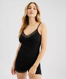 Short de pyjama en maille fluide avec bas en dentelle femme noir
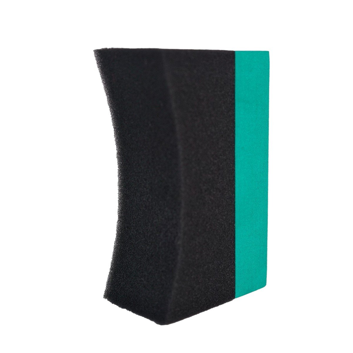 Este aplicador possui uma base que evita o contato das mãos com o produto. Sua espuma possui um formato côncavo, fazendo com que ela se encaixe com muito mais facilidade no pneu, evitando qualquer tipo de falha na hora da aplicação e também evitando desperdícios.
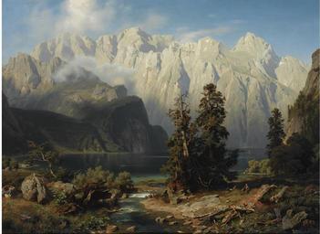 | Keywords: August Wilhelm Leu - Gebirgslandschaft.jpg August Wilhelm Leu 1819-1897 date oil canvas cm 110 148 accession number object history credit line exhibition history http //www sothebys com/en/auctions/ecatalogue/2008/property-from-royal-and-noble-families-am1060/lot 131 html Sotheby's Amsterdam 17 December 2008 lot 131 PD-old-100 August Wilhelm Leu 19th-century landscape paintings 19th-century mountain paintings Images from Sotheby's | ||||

What to produce ▸ Transcribe exactly, and only, the lines from the one with "Este aplicador possui" through the final line of the data above. The pictures stay out.

Exercise solution ▸
 Este aplicador possui uma base que evita o contato das mãos com o produto. Sua espuma possui um formato côncavo, fazendo com que ela se encaixe com muito mais facilidade no pneu, evitando qualquer tipo de falha na hora da aplicação e também evitando desperdícios.
 | Keywords: August Wilhelm Leu - Gebirgslandschaft.jpg August Wilhelm Leu 1819-1897 date oil canvas cm 110 148 accession number object history credit line exhibition history http //www sothebys com/en/auctions/ecatalogue/2008/property-from-royal-and-noble-families-am1060/lot 131 html Sotheby's Amsterdam 17 December 2008 lot 131 PD-old-100 August Wilhelm Leu 19th-century landscape paintings 19th-century mountain paintings Images from Sotheby's | ||||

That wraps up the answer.